Showing the square of a Markov process is or isn't Markov

Question

Hi I am trying to show that if $X_n$ is a markov process, whether or not $X_n^2$ is a markov process.

$X_n$ is a markov process if $P\{X_k = a_k|X_{k-1} = a_{k-1}, X_{k-2} = a_{k-2}, ..., X_k = a_1 \} = P\{X_k = a_k|X_{k-1} = a_{k-1}\}$.

Then $P\{X_k^2 = a_k|X_{k-1}^2 = a_{k-1}, X_{k-2}^2 = a_{k-2}, ..., X_k^2 = a_1 \} = P\{X_k = \pm \sqrt{a_k} |X_{k-1} = \pm \sqrt{a_{k-1}}, X_{k-2} = \pm \sqrt{a_{k-2}}, ..., X_k = \pm \sqrt{a_1} \} = P\{X_k = \pm \sqrt{a_k} |X_{k-1} = \pm \sqrt{a_{k-1}}\}$

may not be true since this knowing the probability of $X_{k-1} = - \sqrt{a_{k-1}}$ does not tell you anything about the probability of $X_{k} = + \sqrt{a_{k}}$

Am I on the right path here?
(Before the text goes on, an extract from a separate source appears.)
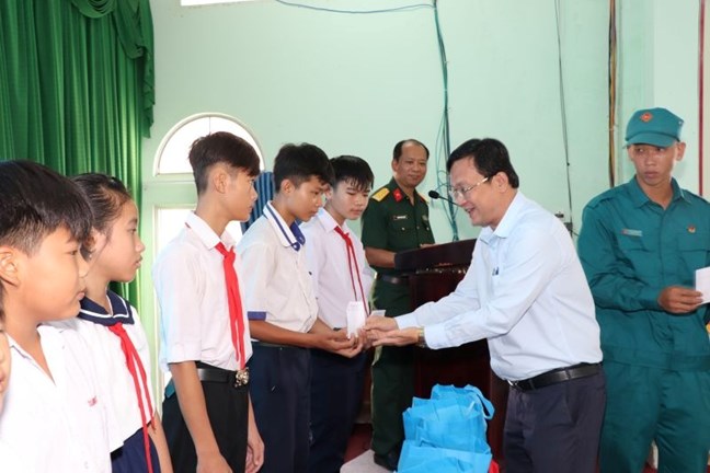 Ông Phan Hồng Ân, Phó Chủ tịch Ủy ban MTTQ Việt Nam thành phố Hồ Chí Minh tặng quà cho các em học sinh trên địa bàn

Thanks!

Answer 1

Here is a natural example: random walk on the numbers $-1,0,1,2$ which moves left or right with probability $1/2$, except that transitions $-1\to 0$ and $2\to 1$ have probability $1$. It's a Markov process, but its square is not.

Indeed, suppose we observed $X_1^2=4$ and $X_2^2=1$. Then we know $X_1=2$, hence $X_2=1$. Conclusion: $P(X_3^2=0) = 1/2$.

On the other hand, if we observed $X_1^2=0$ and $X_2^2=1$, then $$P(X_3^2=0) = \frac12 P(X_3=0 | X_2=1) + \frac12 P(X_3=0 | X_2=-1) = \frac12\cdot \frac12 + \frac12\cdot 1 = \frac34 $$